Hannah wakes in the hospital, confirms she did not intend to end her life, and agrees to seek help. Before entering the Atone Treatment Center, a rehab facility in Malibu, she visits Theo, who is bruised and bandaged from a brawl on the beach. They share a long kiss. In therapy with Dr. Xavier, Hannah begins to accept that Ginny's medical school plan was not a rejection but an act of faith in their bond. In a final conversation on the beach at sunset, she says goodbye to Ginny's ghost. Ginny tells Hannah she always knew how much her sister loved her, says, "I release you," and walks into the horizon.
The Saints' album, One Day, Virginia, becomes a massive commercial and critical success.
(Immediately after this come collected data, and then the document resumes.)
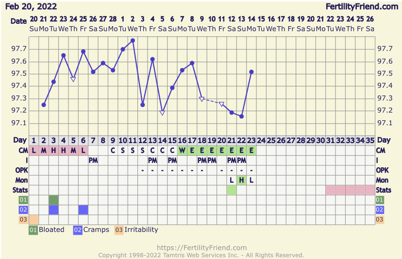 CS/Q: finally saw a temp shift today. Hoping that means I O’d and my OPK missed it.@ejoseph16 AF *just* arrived. I'm sending you all the good juju that O happened with that spike!!! Hurry up already!
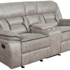 Every entertainment area deserves this glider loveseat with console. The neutral color palette makes it easy to blend with your decor. Its performance-grade upholstery ensures a comfortable seating experience. A center console offers a small storage area for removes with a lift-top container within. Find an easy place to store drinks with the built-in stainless steel cupholders.
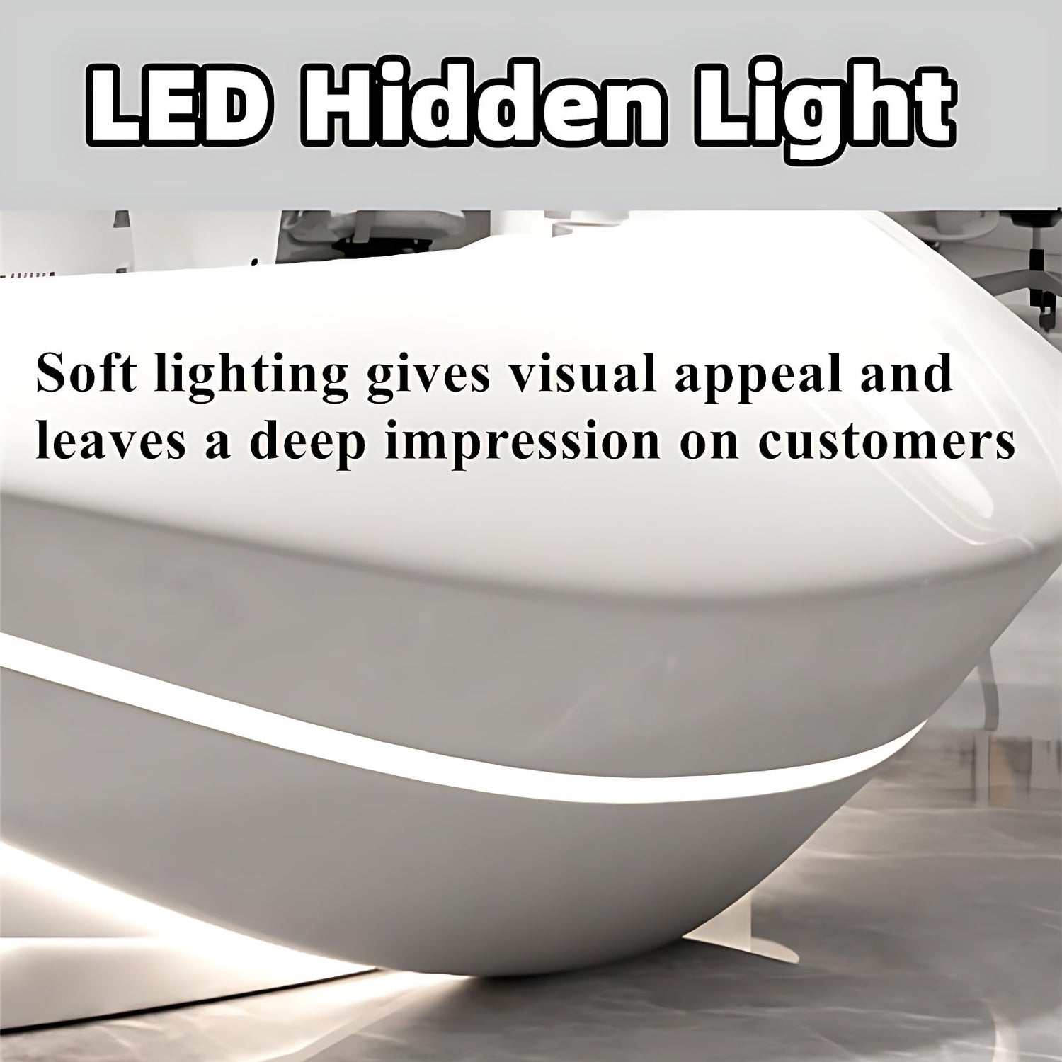 - Integrated Hidden LED Lighting: Featuring soft LED lighting seamlessly embedded into the reception counter, this desk creates an inviting ambiance. The smooth lines and minimalist aesthetic enhance the visual appeal of any front desk reception counter or workspace.

The band earns five Grammy nominations and announces they will disband after a final performance. At the ceremony, fans line the sidewalks wearing T-shirts bearing Ginny's image. The Saints perform their final song backed by home videos of Ginny's life, and the arena rises for a standing ovation. Hannah wins Song of the Year and thanks Theo, then tells Roger Braverman on live television to go fuck himself, igniting pandemonium. The band wins Record of the Year; Theo dedicates the award to "a little boy who grew up lonely in Virginia, listening to Whitesnake after his father left." Backstage, Hannah tells Theo she loves him but must return to treatment. Six months later, Theo runs Ford Records from a beachfront house in Long Beach, with Kenny and Ripper's new band, the Frontmen, as his first clients. On a brilliant afternoon, he notices a figure walking out of the horizon, shimmering in the sunlight. He steps outside to look, and the novel ends on a note of luminous, unresolved hope.